Plot hole: When Astrid gets on Toothless for the first time, Toothless takes off uncontrollably and tries to scare her. Hiccup seems to have no control over him at this time. How is that so if with the new tail fin, Toothless cannot fly without Hiccup's precise control of the tail fin? That whole sequence would have fallen apart. This mistake was even admitted to on the DVD commentary. (00:53:35)
Plot hole: In Aunty Em's Emporium, when Medusa turns the older woman to stone, she has hold of Annabeth's wrist and Annabeth cannot free herself. Grover comes along later, as Percy is keeping Medusa busy, and breaks the arm of the statue that is holding Annabeth (near the elbow). Annabeth is able to easily pry the statue's severed arm's grip from her wrist, even though the fingers and thumb weren't broken at all, meaning she could have easily freed herself at any time.
Plot hole: When Andromeda and Perseus wake up on the beach, Andromeda tells Perseus that Argos needs a new leader/king. The problem with this is there is nothing onscreen to show that she even knew her father the King had died. She was hanging by her arms facing the Kraken and she couldn't turn around. By the time her father died, she was already falling into the sea, so again, she shouldn't even know her father has died.
Plot hole: How does Horatio (a Lilliputian) get to Glumdaclitch's dollhouse, which is on the second floor of the house? Jack Black is twelve time smaller than the Brobdingnagian, and the Lilliputians are twelve times smaller than him. How did he get up the stairs? Getting to the second story of the dollhouse would be challenging enough.
Plot hole: Obviously, tooth fairies are real, in this movie at least. During the movie, Derek has to retrieve each child's tooth and put money under the pillow.
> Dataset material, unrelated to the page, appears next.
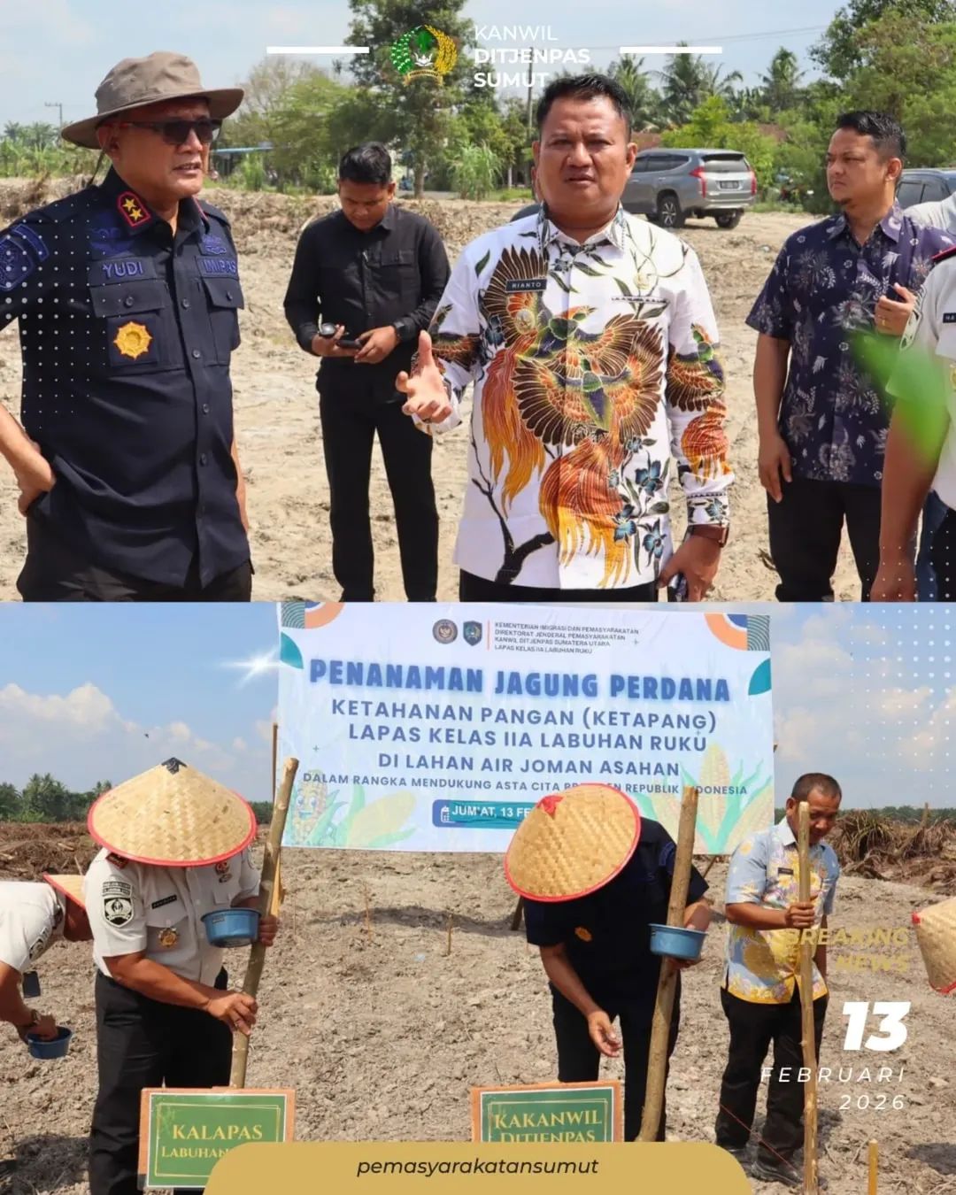 Batubara, mediatransparancy.com — Kantor Wilayah Direktorat Jenderal Pemasyarakatan Sumatera Utara menunjukkan komitmen nyata dalam mendukung program ketahanan pangan nasional melalui pelaksanaan penanaman jagung perdana di Lahan Air Joman, Kabupaten Asahan, Jumat, 13 Februari 2026.

He's paged as soon as the kid loses the tooth, since he often has to wait till the kid goes to bed before intervening, and he is required to do it as soon as possible. But parents are doing the same, and at one point in the movie Derek actually stops a dad that just did the swap and extorts the tooth from him. That of course creates a parodox: the majority of parents in the world apparently have been subjected for centuries to the freak occurrence of finding already under their pillows mysterious money and their children's baby teeth missing as they go do the deed themselves. You can't have both the fairy and the parent do the same task.
Suggested correction: This is part of the suspension of disbelief for holiday movies like this. Doing this means you would have to apply the exact same logic to every Christmas movie depicting Santa as real leaving presents for children when the parents would just see gifts appear they didn't leave behind.
I thought the same, but the thing is, it's all left to the imagination, for instance you can assume there's some "magic" that makes the parents forget everything and just assume they bought the gifts themselves even if they did not. If they meet Santa, it's considered a special deal, and its consequences are not shown, so it all stops here. Not here, here there are specific magic devices (a magic dust of forgetfulness exactly to erase memory of what happened, for instance) that in this encounter is not used by The Rock. So this movie is awfully specific about the interaction between the magical agents and whatnot, to the point that they need to erase their traces and not be spotted, but those rules don't make internal sense. Had they said nothing about it, I would have just assumed it was like every Santa movie as you mentioned, where it is not presented by the movie itself as an issue with contradictory solutions.